The broadcast channel (BC) is the dual of the MAC: a single transmitter sends independent messages to $K$ receivers. This models the cellular downlink, Wi-Fi AP-to-STA transmission, and satellite broadcasting. Unlike the MAC, the BC capacity region was unknown for decades. The key breakthrough was superposition coding for the degraded BC (Cover, 1972) and dirty-paper coding (DPC) for the MIMO BC (Weingarten, Steinberg, and Shamai, 2006). The BC capacity region reveals a remarkable duality with the MAC: the MIMO BC capacity region can be computed via the MAC-BC duality, transforming a non-convex problem into a convex one.

Definition:
Degraded Broadcast Channel

A two-user broadcast channel is physically degraded if the channel outputs form a Markov chain:

$X \to Y_1 \to Y_2$

meaning user 2's observation is a degraded version of user 1's.

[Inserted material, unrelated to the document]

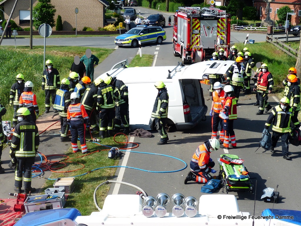 Um 16:38 wurde die Feuerwehr Damme, zusammen mit der Feuerwehr Osterfeine, zu einem schweren Verkehrsunfall mit eingeklemmten Personen in Osterfeine alarmiert.

Gaussian degraded BC: The transmitter sends $X$ with power constraint $E[X^2] \leq P$ . User $k$ observes:

$Y_k = X + Z_k, \quad Z_k \sim \mathcal{N}(0, N_k)$

with $N_1 < N_2$ (user 1 has a better channel). This is a degraded BC because $Y_2 = Y_1 + (Z_2 - Z_1)$ can be written as a degraded version of $Y_1$ when $N_1 < N_2$ .

The BC is stochastically degraded if the marginal distribution $p(y_2 | x)$ can be expressed as $\sum_{y_1} p(y_2 | y_1) p(y_1 | x)$ , even if the physical channel does not form a Markov chain.

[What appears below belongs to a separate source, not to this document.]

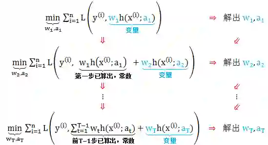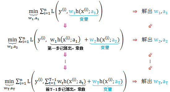 通常一次性优化解出 wt 和 at 是很复杂的,我们现在思路是如果从 t 等于 1 到 T,每一步只学习一个基函数和其系数,逐步逼近上面的函数式,从而简化了优化的复杂度。具体优化步骤如下: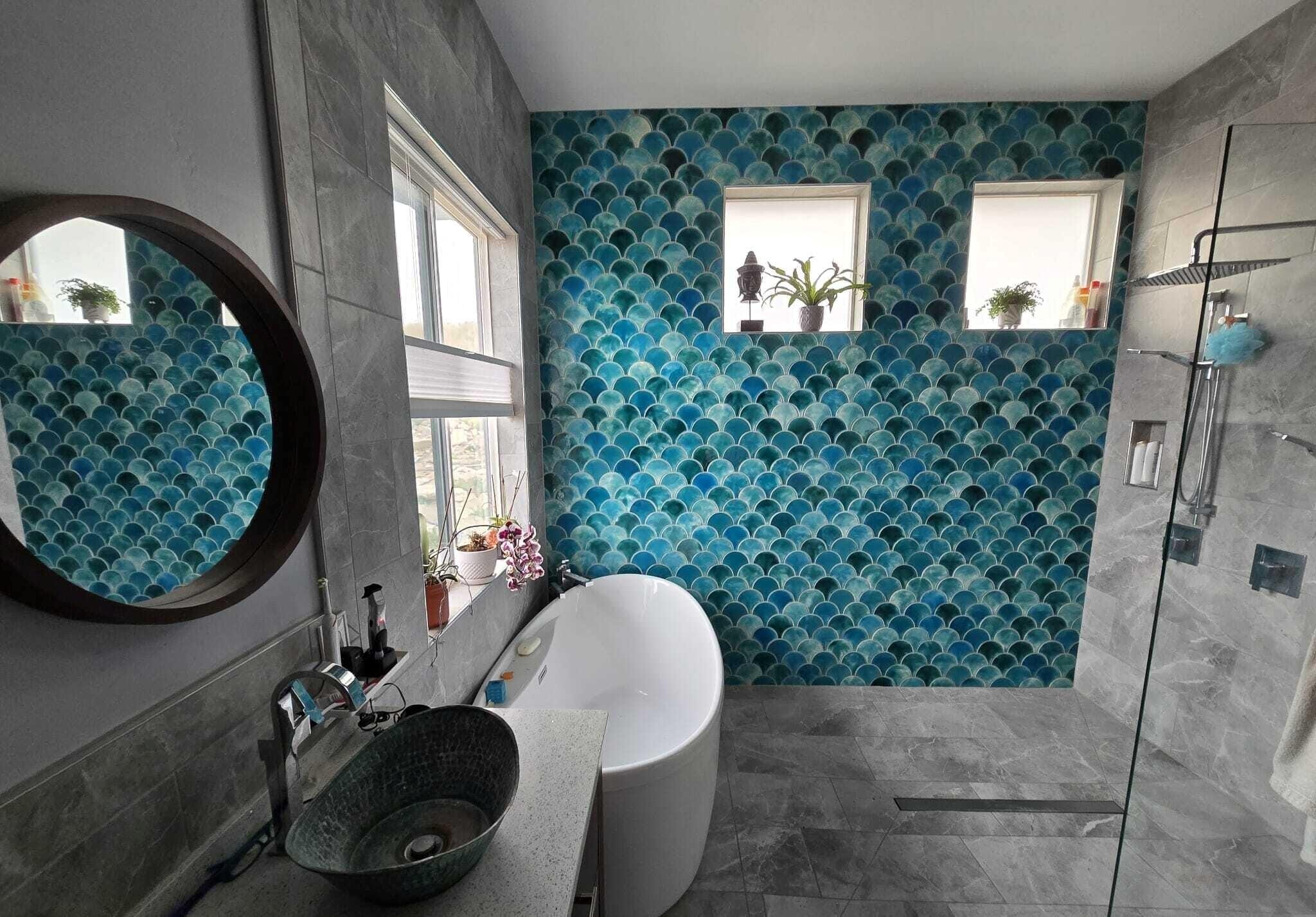 Handmade Ceramic Fish Scale Tiles: Turquoise Crackle & Emerald Green Mosaic

The degraded BC model applies directly to the scalar Gaussian downlink where users experience different path losses. The MIMO BC is generally not degraded, requiring the more powerful DPC approach.

,

Theorem: Capacity Region of the Degraded Gaussian BC

The capacity region of the two-user degraded Gaussian BC ( $N_1 < N_2$ , power $P$ ) is the union over $0 \leq \alpha \leq 1$ of:

$R_1 \leq \frac{1}{2}\log_2\!\left(1 + \frac{(1-\alpha)P}{N_1 + \alpha P}\right) = \frac{1}{2}\log_2\!\left(\frac{N_1 + P}{N_1 + \alpha P}\right)$

$R_2 \leq \frac{1}{2}\log_2\!\left(1 + \frac{\alpha P}{N_2}\right)$

where $\alpha P$ is the power allocated to user 2's message and $(1-\alpha)P$ to user 1's message in the superposition code.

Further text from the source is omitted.